With all of those things combined – the emotions, feelings, thoughts, voices – it makes it hard for me to want to continue at this point. I am probably simply in a funk, and maybe I just need to take a bit of time off from flow arts. I worry that a couple of days or a few days away from it will turn into months, like it has in the past. Flow arts makes me genuinely happy and feel good about myself. Knowing I really kinda suck at it makes me feel bad about myself. My husband said that maybe it will just click for me one day if I keep at it. I do agree that it could all of a sudden click, but then again I really doubt it will. The only way to find out is to keep trying and practicing. I am thinking of ways to help myself feel better about this and improve my skills. We’ll see.

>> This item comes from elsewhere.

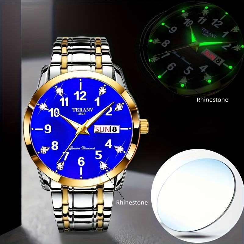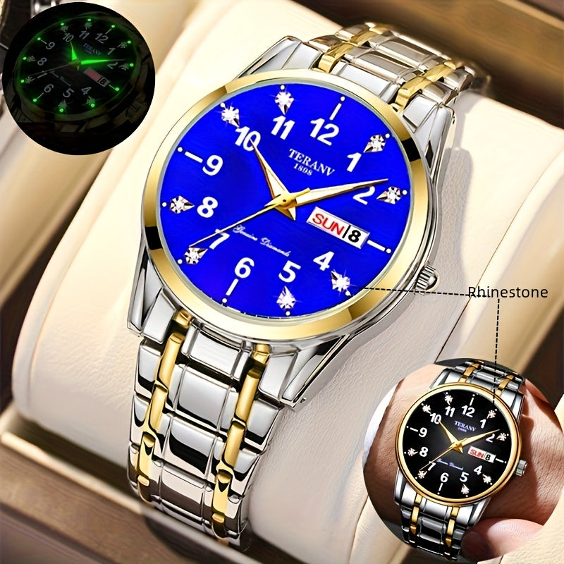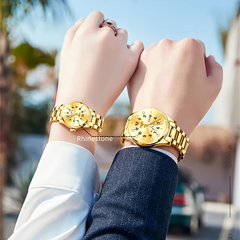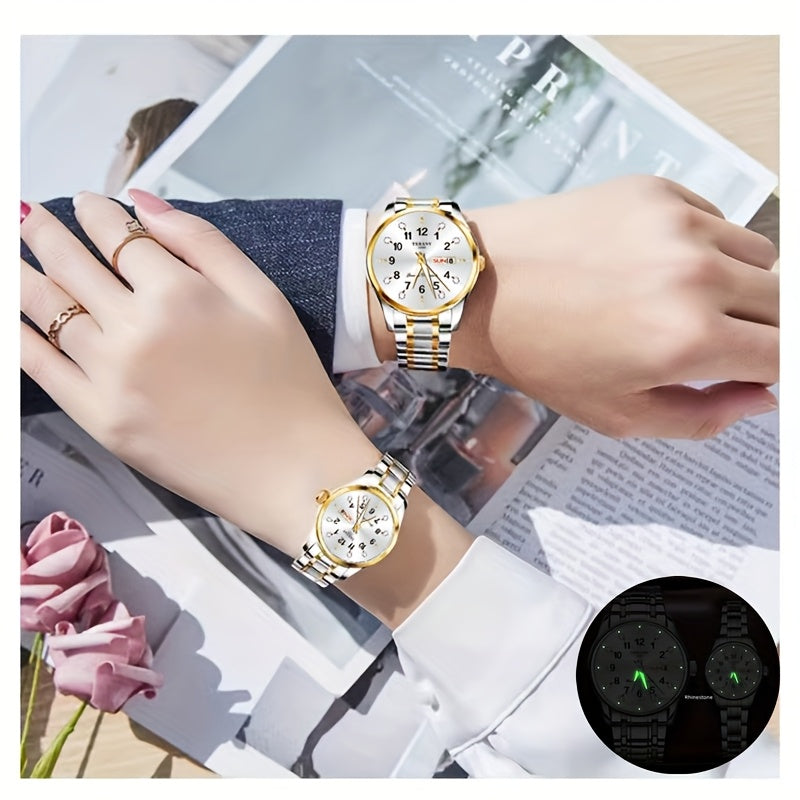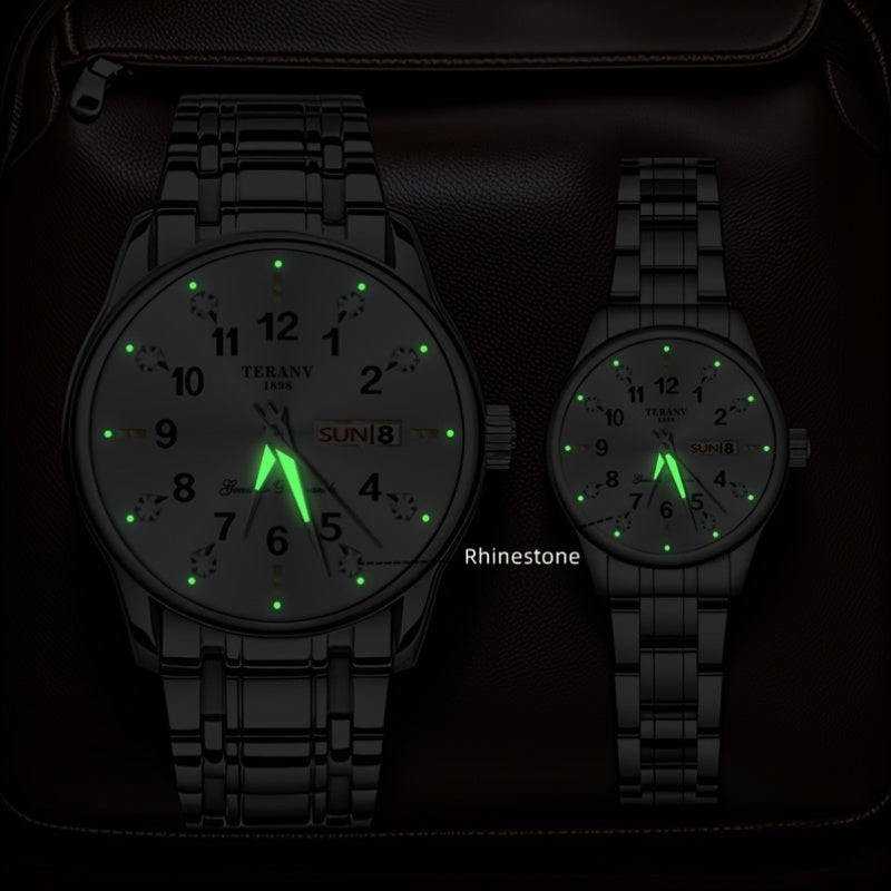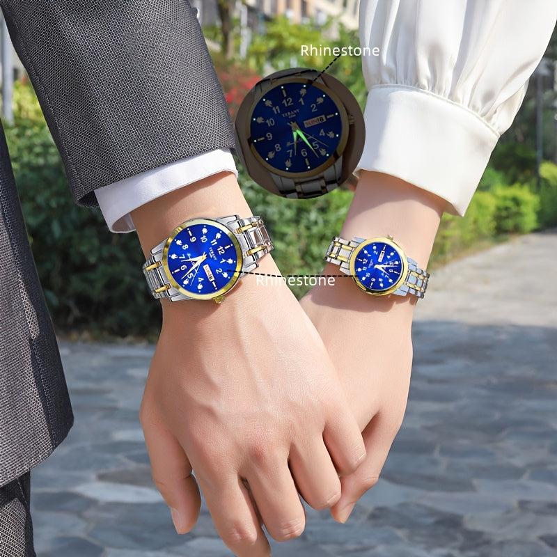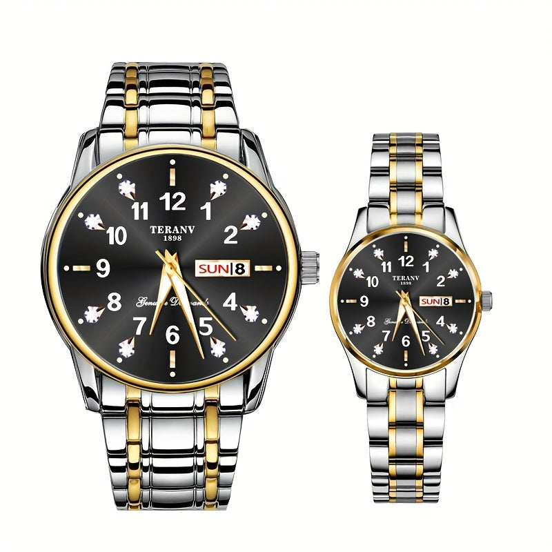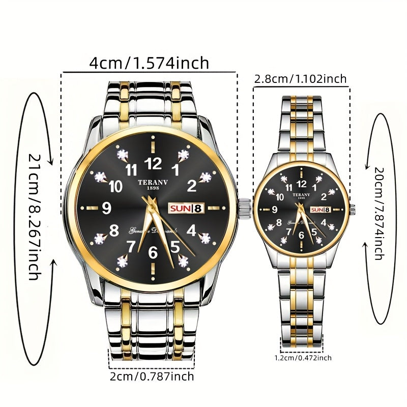 Two Stylish Digital Round Dial Couple'S Quartz Watches - IPX7 Waterproof, Luminous, Dual Calendar, Date and Day/Week Display, Alloy Strap Business Watches, Suitable for Women and Men, Valentine'S Day Gift Wristwatches

I signed up for a ballet class, a six week class. It starts in a couple of weeks and I’m looking forward to it. I’ve always loved ballet, and I often wish that I would have continued to dance as a child. I love ballet because it is very controlled, yet has the potential for beautiful freestyle. Maybe at thirty years old I can become a ballet dancer. There’s nothing wrong with starting late! The major difference between flow arts and ballet (aside from basically all the movements and the use of props) is that ballet is controlled and flow arts is, well, flowy and pure improvisation. Coming up with my own dance moves has always been a serious challenge for me. I’m looking forward to ballet again. Maybe it will even help a bit with flow arts…who knows?
Through all of this, I know that one of the root causes of all of these feelings is that I want to find that one thing (or two things) that I am really passionate about and am great at. I have bounced around from hobby to hobby all my life and I feel ready to settle on some things. I have been amazing at knitting and crocheting all my life, and I love doing those things. The big problem is that I really dislike sitting for long periods of time these days and I would much rather be doing something active with my body. That’s where flow arts came in. Without movement I feel lost. Creative movement helps me move tough emotions through my body in a healthy way. If I feel stuck with creative movement, I feel lost and stuck in life. So, we will see. Maybe ballet will be just the thing I need.
Hope you all have a good one.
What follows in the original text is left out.